Insertion of the designed helical linker led to increased expression of tf-based fusion proteins

Abstract

Purpose: To demonstrate a high-level expression of transferrin (Tf)-based fusion proteins by inserting a helical linker between two protein domains.

Methods: Tf-based fusion proteins were designed to contain oligonucleotides encoding a helical linker inserted between the protein domains. Plasmid constructs were transfected into HEK293 cells and the secreted fusion proteins were purified from conditioned serum free media. Expression was assessed using both SDS-PAGE and Western Blot using anti-hGH, G-CSF, or Tf antibodies; protein bands were analyzed using Quantity One software. The function of fusion proteins consisting of human growth hormone (hGH) and Tf was evaluated in Nb2 cell proliferation assays.

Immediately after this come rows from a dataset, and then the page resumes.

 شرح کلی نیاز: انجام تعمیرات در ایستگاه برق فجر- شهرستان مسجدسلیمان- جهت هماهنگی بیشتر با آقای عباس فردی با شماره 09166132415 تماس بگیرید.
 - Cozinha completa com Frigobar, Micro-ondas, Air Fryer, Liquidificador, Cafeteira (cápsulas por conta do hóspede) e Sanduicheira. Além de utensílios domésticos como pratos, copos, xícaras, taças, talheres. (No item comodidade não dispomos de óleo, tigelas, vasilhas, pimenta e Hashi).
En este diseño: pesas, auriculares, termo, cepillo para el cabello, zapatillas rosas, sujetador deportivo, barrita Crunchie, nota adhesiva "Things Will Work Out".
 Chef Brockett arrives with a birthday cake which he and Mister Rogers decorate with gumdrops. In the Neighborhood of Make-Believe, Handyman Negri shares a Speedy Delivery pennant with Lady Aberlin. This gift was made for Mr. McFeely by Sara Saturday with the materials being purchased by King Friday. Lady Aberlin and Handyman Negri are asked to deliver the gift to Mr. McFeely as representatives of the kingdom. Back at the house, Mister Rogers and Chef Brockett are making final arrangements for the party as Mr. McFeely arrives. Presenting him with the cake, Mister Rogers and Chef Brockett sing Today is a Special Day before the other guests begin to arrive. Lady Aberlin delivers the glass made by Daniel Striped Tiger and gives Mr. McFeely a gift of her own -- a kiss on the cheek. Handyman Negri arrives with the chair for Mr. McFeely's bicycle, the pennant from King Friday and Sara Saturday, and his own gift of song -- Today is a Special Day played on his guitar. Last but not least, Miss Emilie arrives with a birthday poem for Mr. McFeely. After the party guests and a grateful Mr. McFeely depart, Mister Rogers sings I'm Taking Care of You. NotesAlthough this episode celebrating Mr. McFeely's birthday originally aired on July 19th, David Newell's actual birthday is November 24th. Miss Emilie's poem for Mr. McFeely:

Results: The fusion proteins containing a helical linker, hGH-(H4)(2)-Tf and Tf-(H4)(2)-hGH, were expressed 1.7-and 2.4-fold higher, respectively, with a twofold lower ED(50) than the hGH-Tf fusion protein without a helical linker. The Tf-(H4)(2)-G-CSF fusion protein exhibited a greater expression with an 11.2-fold increase compared with Tf-G-CSF fusion protein.

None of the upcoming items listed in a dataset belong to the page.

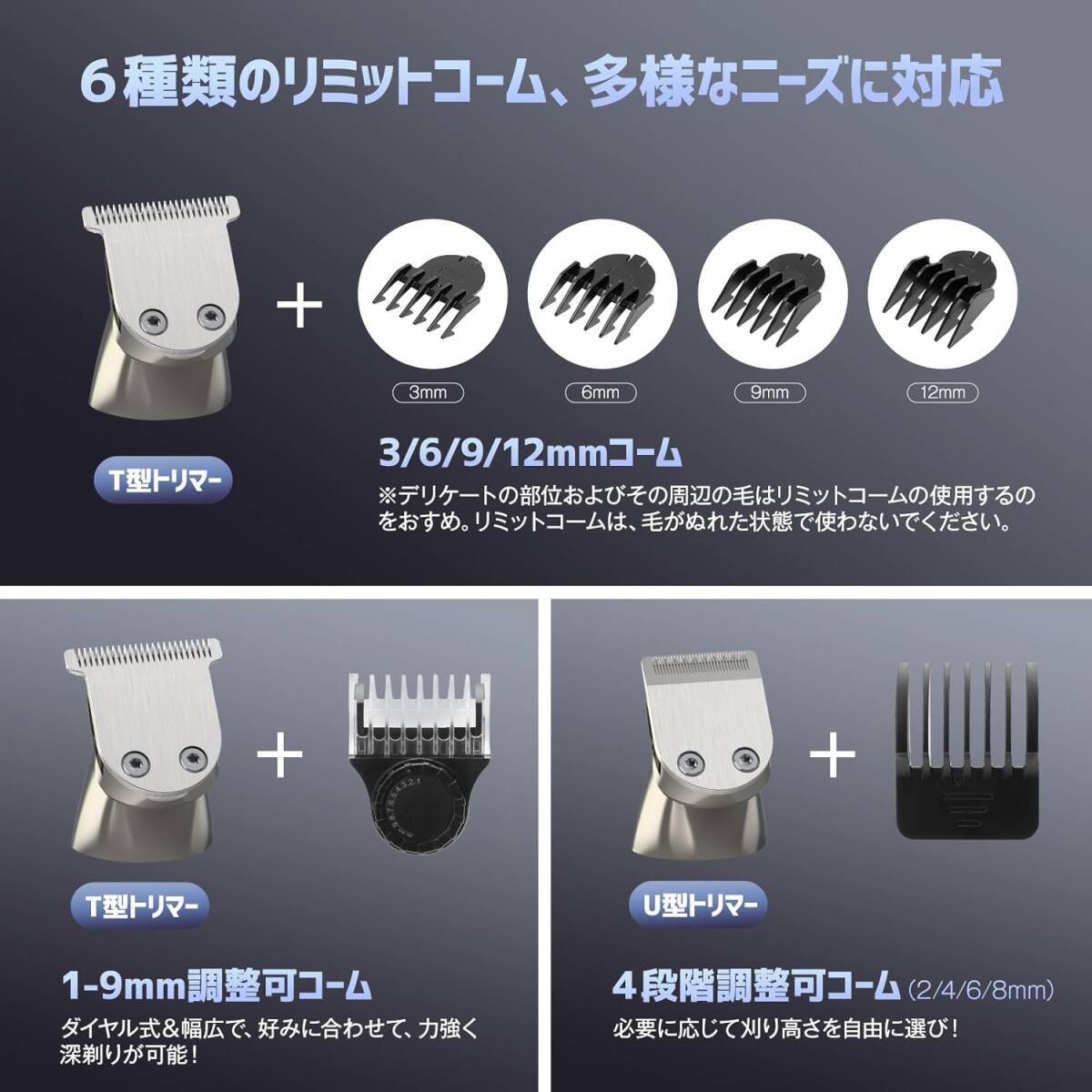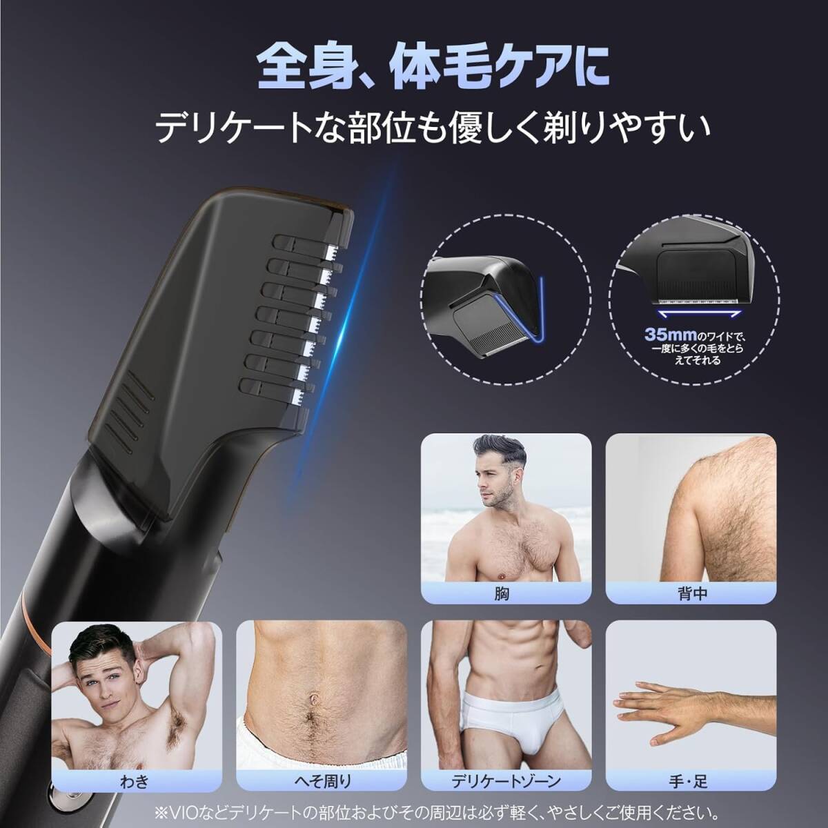 Beedove ボディシェーバー vio シェーバー メンズ 1~12mm長さ調整【1台5ヘッド&2充電方法&磁気式】むだげ処理 全身適用 髪/髭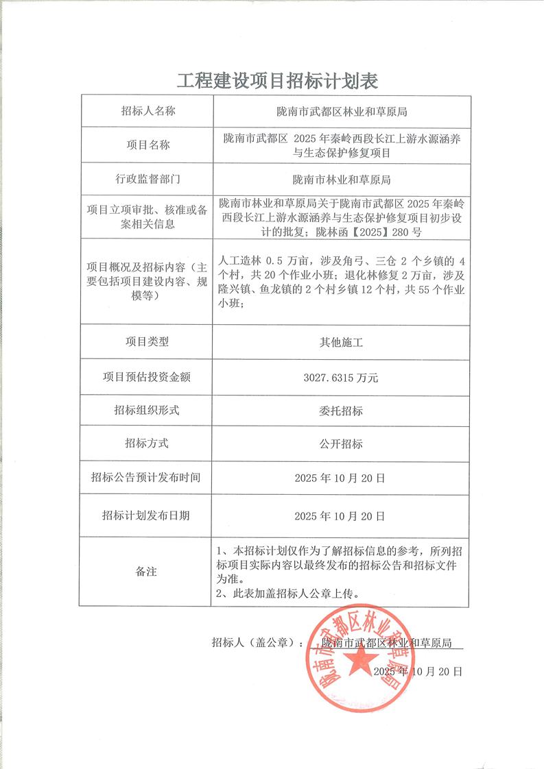 隴南市武都區(qū)2025年秦嶺西段長(zhǎng)江上游水源涵養(yǎng)與生態(tài)保護(hù)修復(fù)項(xiàng)目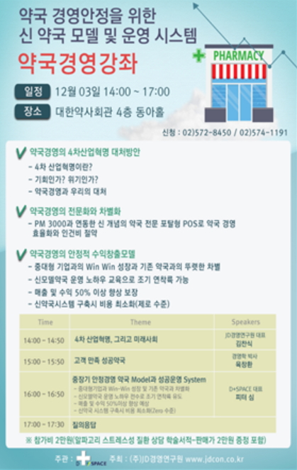 약의 조제와 판매만으로는 약국 운영이 어렵다면, 새로운 매출을 창출해 낼 대안을 제시하는 특별한 강연에 주목해보자.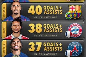 体育资讯11月10日讯 Score90统计了2025年五大联赛边锋在俱乐部+国家队比赛中参与进球的数量,并列出榜单。

Conclusions: The helical linker introduced in Tf-fusion proteins resulted in a high-level of expression with improved in vitro bioactivity. This approach provides a simple method to increase poor expression of other fusion proteins.

Fig. 1

High-level expression by the insertion of helical linker in both hGH-Tf and Tf-hGH fusion proteins as analyzed by Anti-hGH Western blot. Four fusion proteins with or without the inserted helical linker, expressed in serum free media, were analyzed by Western blot using goat anti-hGH monoclonal antibody (1:1000). The signal was detected using HRP-conjugated rabbit anti-goat secondary antibody (1:1000) and ECL reagents. The image was recorded and analyzed by ChemiDoc XBR (Bio-Rad). Lane 1: Tf (negative control); lane 2: hGH (10 ng); lane 3: hGH-Tf; lane 4: hGH-(H4)₂-Tf; lane 5: Tf-hGH; lane 6: Tf-(H4)₂-hGH.

Fig. 2

High-level expression by the insertion of helical linker in both hGH-Tf and Tf-hGH fusion proteins as analyzed by Anti-Tf Western blot. Four fusion proteins with or without the inserted helical linker, expressed in serum free media, were analyzed by Western blot using goat anti-Tf antibody (1:5000). The signal was detected using rabbit anti-goat secondary antibody conjugated to HRP (1:1000) and ECL reagents. The image was recorded and analyzed by ChemiDoc XBR. Lane 1: Tf (50 ng); lane 2: hGH (negative control); lane 3: hGH-Tf; lane 4: hGH-(H4)₂-Tf; lane 5: Tf-hGH; lane 6: Tf-(H4)₂-hGH.

Fig. 3

Helical linker insertion led to high-level expression in both hGH-Tf and Tf-hGH fusion protein as analyzed by SDS-PAGE. Same volume of conditioned media (5 μl) from the transfected HEK-293 cells were fractionated using SDS-PAGE, stained with Coomassie blue, and analyzed with ChemiDoc XBR. MM: molecular weight marker; lanes 1–3: Tf control; lane 4: hGH-Tf; lane 5: hGH-(H4)₂-Tf ; lane 6: Tf-hGH; lane 7: Tf-(H4)₂-hGH.

Fig. 4

Helical linker insertion led to high-level expression in both G-CSF-Tf and Tf-G-CSF fusion protein as analyzed by anti-G-CSF Western blot. 15 μl-conditioned media from the transfected HEK-293 cells were analyzed using anti-GCSF Western blot. Lane 1: G-CSF control; lane 2: pcDNA3.1(+) without the insert; lane 3: Tf-G-CSF; lane 4: Tf-(H4)-G-CSF; lane 5: Tf-(H4)₂-G-CSF; lane 6: Tf-r(H4)₂-G-CSF (fusion protein with a reversed (H4)₂ DNA sequence inserted, thus a non-helical linker in the product).